Я с шипением, сквозь зубы втянул пряный, холодный воздух. Передвинул поудобнее ноющее колено и посмотрел в желтые глаза виглара. Знаменитый серебряный меч комиссара лежал на столе между нами. На лезвии тускло мерцала вертикальная линия черненой гравировки: «иса», руна вечного льда.

– Я не люблю убивать безоружных, – раздался негромкий спокойный голос, – и вы вправе мстить за свой род. Вы за этим меня позвали?

– Нет, комиссар, – я опустил «господина», но Иса промолчал. – Я хотел попросить вас о помощи. Мстить я не буду. Не потому, что боюсь проиграть, а потому, что вы исполняли приказ. И мстить нужно не вам.

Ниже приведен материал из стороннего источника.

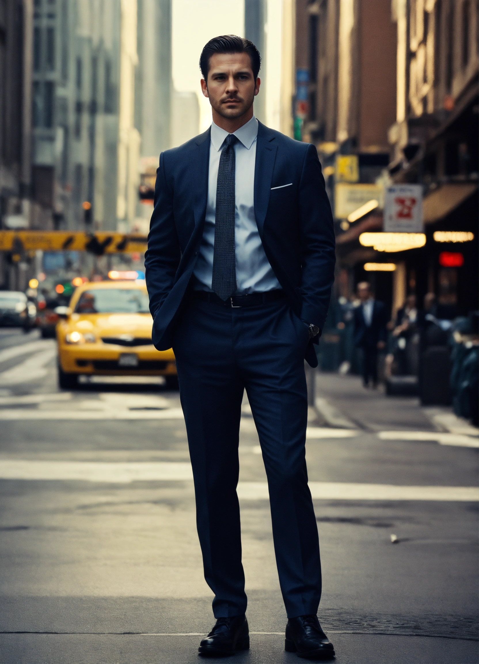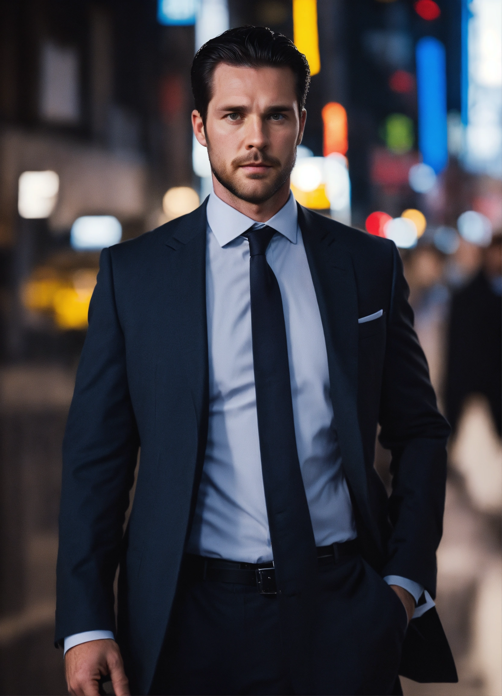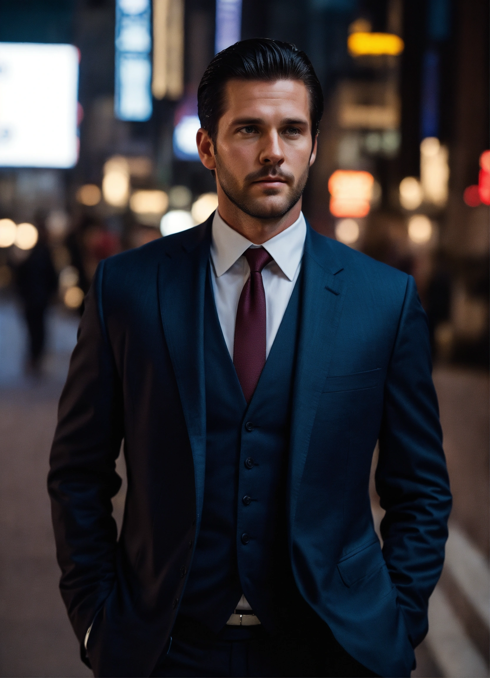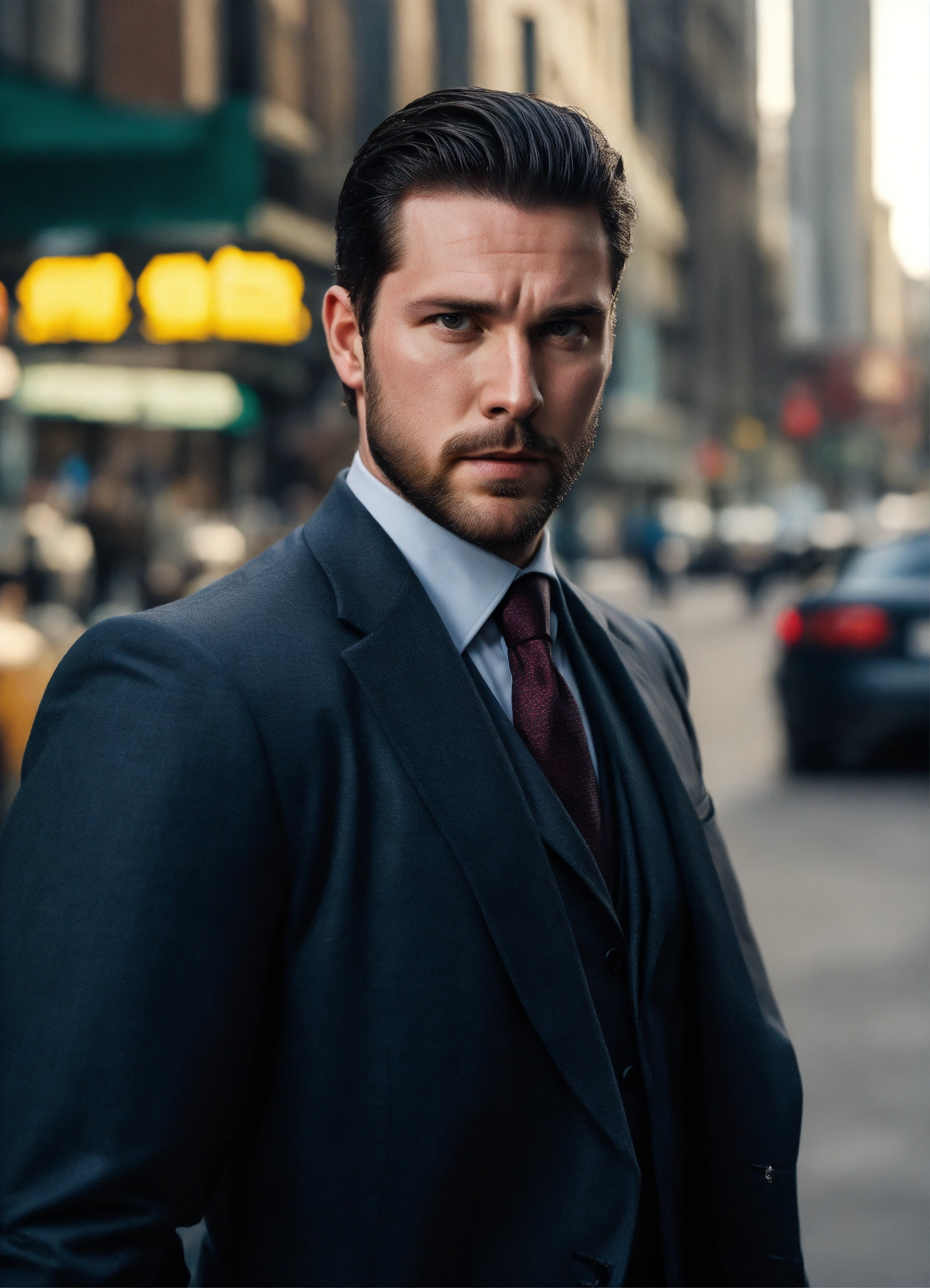 A photo of a movie star handsome white male grizzled investigator. 30 years old, with black slicked-back hair, standing on a busy city street. wearing a suit and tie, his facial expression suspicious and wary.

– Вы собираетесь бросить вызов лорду? – комиссар откинулся на спинку стула, не отводя испытующего взгляда.

Кровная месть – нерушимый закон Северной Границы, понятный любому ее обитателю. И когда-то я и вправду мечтал о ней, жил ею, дышал только ради нее, берёг, словно какую-то реликвию, единственное наследство, кроме памяти, искромсанной до одного бесконечного дня. И постепенно настолько слился с ее тенью, что перестал замечать. Привык к тлеющему на границе сознания костру ярости. Чистой ярости, не имеющей ни причины, ни цели своего существования. Я и сейчас с легкостью могу протянуть руку, зачерпнуть полную горсть этого всеопаляющего пламени, и от него не убудет ни капли.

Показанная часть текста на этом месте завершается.